Before the study began, parents were briefed about the hypothesis of the study and consented to participate. Infants sat on their parent’s lap in a room with a large projection screen. Parents were asked to close their eyes for the duration of the study. The familiarization trials came first; as described above, infants saw one video repeated five times, preceded by a star that rotated and made a noise to draw infants’ attention. The visual preference trial came next; the two puppets from the preceding video appeared on opposite sides of the screen, without the human actor, for two 10-s intervals for a total of 20 s. The puppets appeared in consistent positions (left and right of center) during the familiarization trials, visual preference trial, and the reaching trial that concluded the condition.

During the reaching trial, an experimenter, who did not know the identity of the imitated puppet or the condition (own parent or yoked control), brought out the two puppets featured in the prior videos, held them in front of the screen, said, “Hi!” to get the attention of the infant and then said, “Look!” and brought the puppets together in front of the infant but out of reach until the infant looked at both puppets. Next, the experimenter moved the puppets toward the infant and said, “Which one do you like?” while presenting the two puppets to the infant ∼12” apart from one another. If a baby did not make a choice within 10 s, the experimenter further prompted the baby by saying, “Which one do you like?” or “It’s okay to choose one.” They repeated one of these prompts every 10 s until the infant chose a puppet or the experimenter had given three prompts to the infant. If an infant had still not made a choice after the third prompt, the experimenter repeated the choice procedure up to three times (on average, infants received 2.7 of the 9 possible prompts; SI Appendix). If an infant reached for both puppets at the same time, the choice was coded as both and was not included in the analysis. If an infant failed to reach for either puppet after three attempts, the choice was coded as none. This procedure and these criteria for exclusion were preregistered. At the end of the study, parents were invited to ask questions and were given the opportunity to view the stimuli.

Coding, stopping rule, and analyses.

Coders who were unaware of the identity of the imitator (own parent versus yoked control) coded which puppet the infant looked at in 0.10-s intervals in each visual preference trial. Looks were coded as left, right, or away from both puppets (which included the center of the screen). The dependent measure was the proportion of time that infants spent looking at the puppet whom their parent had imitated (time spent looking at imitated puppet/total time looking at one of the puppets).

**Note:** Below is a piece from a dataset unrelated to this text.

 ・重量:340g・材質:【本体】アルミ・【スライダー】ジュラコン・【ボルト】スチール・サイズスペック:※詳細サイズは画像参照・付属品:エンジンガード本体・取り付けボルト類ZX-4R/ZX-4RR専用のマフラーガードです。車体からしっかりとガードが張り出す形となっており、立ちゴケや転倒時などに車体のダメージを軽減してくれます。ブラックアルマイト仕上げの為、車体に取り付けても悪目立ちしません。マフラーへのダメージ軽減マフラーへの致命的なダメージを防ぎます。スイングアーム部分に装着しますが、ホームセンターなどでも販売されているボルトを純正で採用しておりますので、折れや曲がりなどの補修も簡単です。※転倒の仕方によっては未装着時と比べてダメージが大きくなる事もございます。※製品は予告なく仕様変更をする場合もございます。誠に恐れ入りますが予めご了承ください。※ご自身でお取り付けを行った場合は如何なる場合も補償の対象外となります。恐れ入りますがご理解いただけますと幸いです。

Reaching preferences were coded at the time of the study and then recoded by a second experimenter who did not know the condition or the hypothesis of the study. When the two coders disagreed, the reaching preference that was coded by the person watching the videos was used as the final decision. We planned to stop data collection after collecting preference data from at least 16 participants per condition or obtaining a Bayes factor of 8 for the proportion of infants who chose the imitated puppet in the own parent condition. However, because of the outbreak of COVID-19, in-person data collection was halted prior to attaining either criterion. Accordingly, all analyses for study 1 reported in the main text and SI Appendix should be viewed as preliminary. The program JASP was used to analyze the data (66).

Study 2.

Participants and exclusions.

Participants included 22 full-term infants (M = 363.6 d; SD = 14.17 d). Infants were recruited from the greater Boston area and from an online recruitment website (https://childrenhelpingscience.com/). When parents were asked about their child’s gender/sex, 10 parents said female and 12 parents said male.

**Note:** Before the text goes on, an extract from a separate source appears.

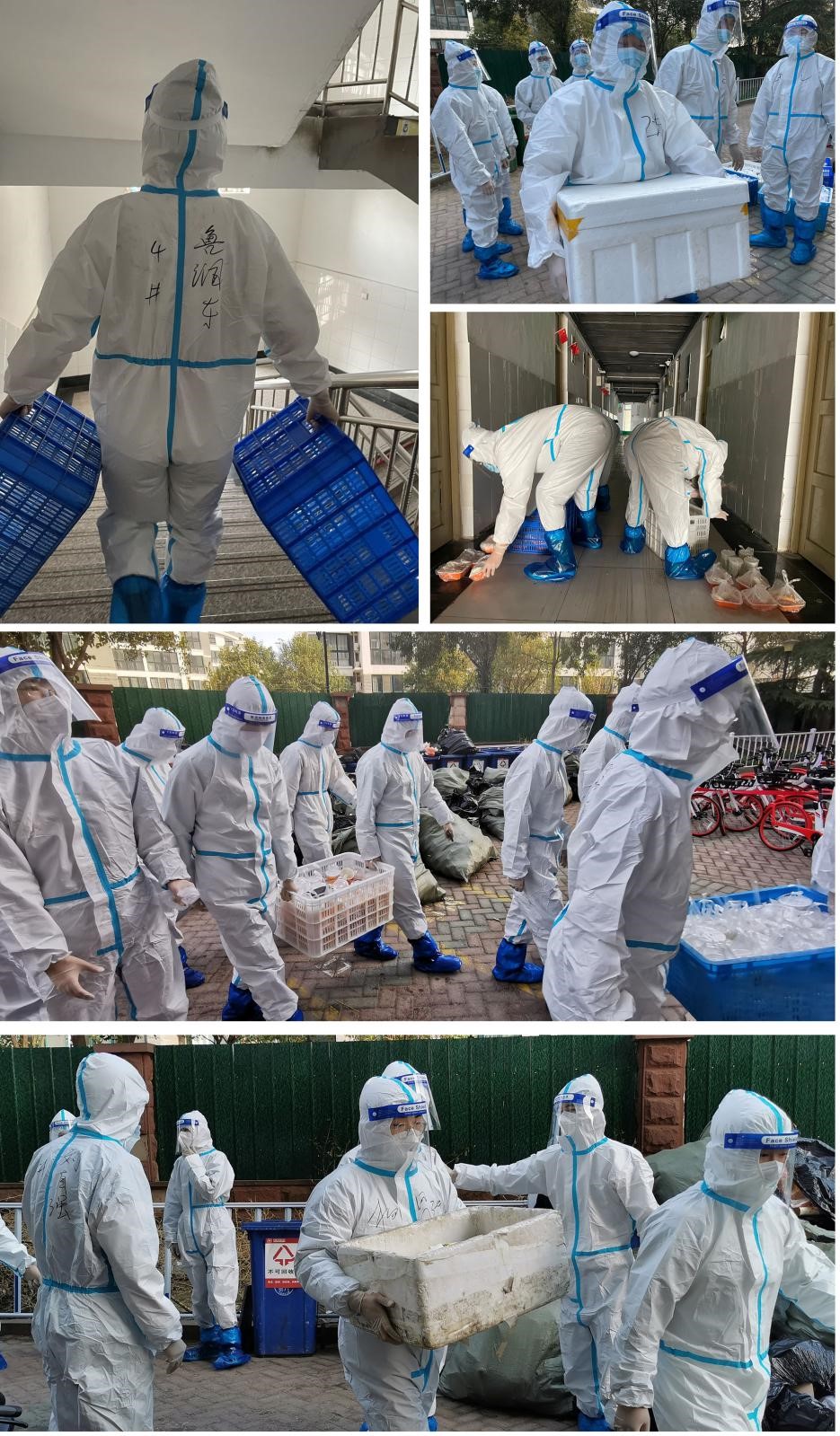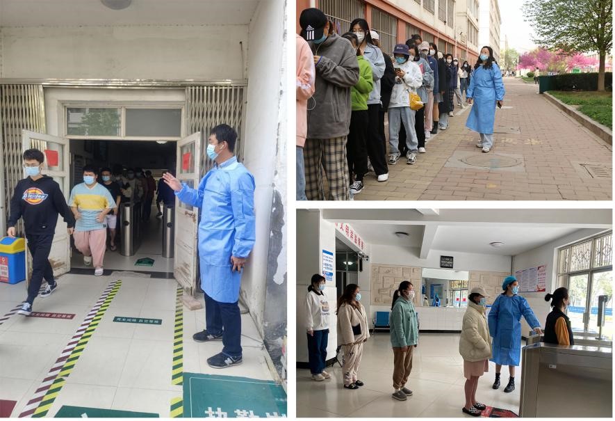 冯秉政、孔晓霞、陈轶洋三名辅导员,兼任学校全员核酸检测的公寓驻楼辅导员,挨家挨户敲门、逐层逐户提醒,组织学生有序检测、化解学生不满情绪,风吹日晒、来回奔波,经常一去就是大半天。而学院其他老师,也毫无怨言地承担起了其它工作。

Participants were excluded based on a set of preregistered criteria, including fussiness, parental interference, inattention, and technical failure such as internet connectivity (details can be found in the preregistration at https://osf.io/t5mhp). These criteria were similar to those used in study 1, with the addition of technical failures that would specifically affect online studies. Data from four infants were excluded because of the following reasons: the parent told the experimenter that there was a significant lag in the audio relative to the video (n = 2), because the video quality was inadequate for coding (n = 1), or because there was an echo in the room where the video was being played (n = 1).

Materials.

The same puppets were used in the videos as those used in study 1. The adults who participated in the videos were primary caregivers for the infant participants of study 2. The familiarization events were created using the same process as in study 1.

Displays.

The displays were the same as in study 1, except there was an additional trial, namely, the speaking trial, in which both puppets moved their mouths simultaneously while one voice spoke in a friendly manner (high and exaggerated pitch) through the audio system of the parent’s tablet or computer using the name or nickname by which the infant was most frequently addressed, as reported by the parent. This trial was custom-made for each infant and lasted roughly 14 s (the exact time differed for each child because of variations in the length of the infant’s name). Each puppet appeared in a constant position (left or right) during the familiarization, the visual preference trial, and the speaking trial.

Design.

The design was the same as in study 1, except the reaching trial was replaced with the speaking trial. As in study 1, each infant saw one set of videos featuring their own parent and another set of yoked control videos featuring another parent interacting with a different set of puppets making a different set of vocalizations. As in study 1, infants saw each familiarization video repeated five times. After each set of familiarization videos, infants saw the visual preference trial followed by the speaking trial for that pair of puppets. Between the two conditions (own parent and yoked control), there was a short filler video that featured an actress playing peek-a-boo and a person playing a drum. The order of presentation of the puppets (i.e., green/purple or blue/orange), the identity of the imitated puppet within that pair, and the order of presentation of the own parent and yoked control conditions were all counterbalanced.

Procedure.

The study was conducted during the COVID-19 pandemic, over video chat. Before the session, parents were given information about the study and asked to place their child on their lap or in a highchair for the session. They were also asked to choose a room in their house free of distractions, including other children and pets if possible. During the beginning of the video chat call, before the testing session began, the experimenter asked parents to put the video chat in full-screen mode, turn their computer on do not disturb, and hide the videos of themselves and the experimenter. Therefore, the only display on the parent’s screen was the keynote presentation that was shared from the experimenter’s computer via screen sharing and a gray bar that said, “[name] is talking.” The experimenter also asked parents to remain neutral during the experiment, refrain from having any reaction to the videos, and not redirect their child’s attention to the screen. All parents were compliant.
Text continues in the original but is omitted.